An excerpt from my article at FemCatholic --
In recent weeks, a torrent of new stressors has impacted families around the world -- kids in need of schooling, limited food options, restricted mobility, sharing home work space, loss of resources.
This influx of work introduces overwhelming logistics:
Who's planning the kids' schedules, now wide open from dawn to bedtime? Who's overseeing their schoolwork? Who's figuring out what's for breakfast, lunch, dinner, and snacks with a pantry short on staples -- and dealing with the manifold dishes and silverware that result? Who's troubleshooting how to get groceries? Whose coordinating home workspaces? Who has the phone numbers for the pediatrician, urgent care, and county health hotline readily available? Who's stocking the medicine cabinet? Who's clearing the clutter constantly collecting in a busier-than-normal home? Who's vetting contractors' safety protocols for unexpected house problems, like plumbing, HVAC, or pest control? Who's sewing facemasks? Who's in touch with extended family, preparing emergency contingency plans? Who's communicating with the normal caregivers, teachers, and extracurricular leaders in this indefinite interim?

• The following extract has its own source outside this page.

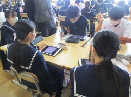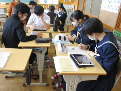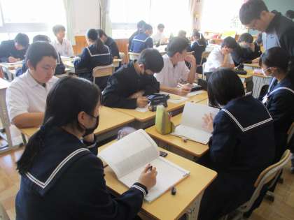 3年生では、朝の短学活でテスト勉強を行っていました。班で、教え合いながら学習する雰囲気を高めています。

Unfortunately, due to the cultural assumption that kids and households are "women's work," the lion's share of daily stress resulting from this pandemic quarantine has fallen on the shoulders of women. (n.b. not all women, not all families, not all men...)
In Amoris Laetitia, Pope Francis addresses the fallacy that household labor and care for children might be emasculating for men: "Taking on domestic chores or some aspects of raising children does not make him any less masculine or imply failure, irresponsibility or cause for shame" (286).
He echoes the counsel of St. John Paul II's Familiaris Consortio: "Family, become what you are" (17). This admonition is followed not by a list of household responsibilities divided by gender but by a call for fathers to actively involve themselves with the daily work of family life, too often ignored as women's work:
"Above all where social and cultural conditions so easily encourage a father to be less concerned with his family or at any rate less involved in the work of education, efforts must be made to restore socially the conviction that the place and task of the father in and for the family is of unique and irreplaceable importance" (25).
For families to grow stronger through this unprecedented challenge, we must rely on the "partnership of the whole of life" to which Catholic marriage commits (CCC 1601). We must commit to teamwork, because it's too much for one spouse to carry alone.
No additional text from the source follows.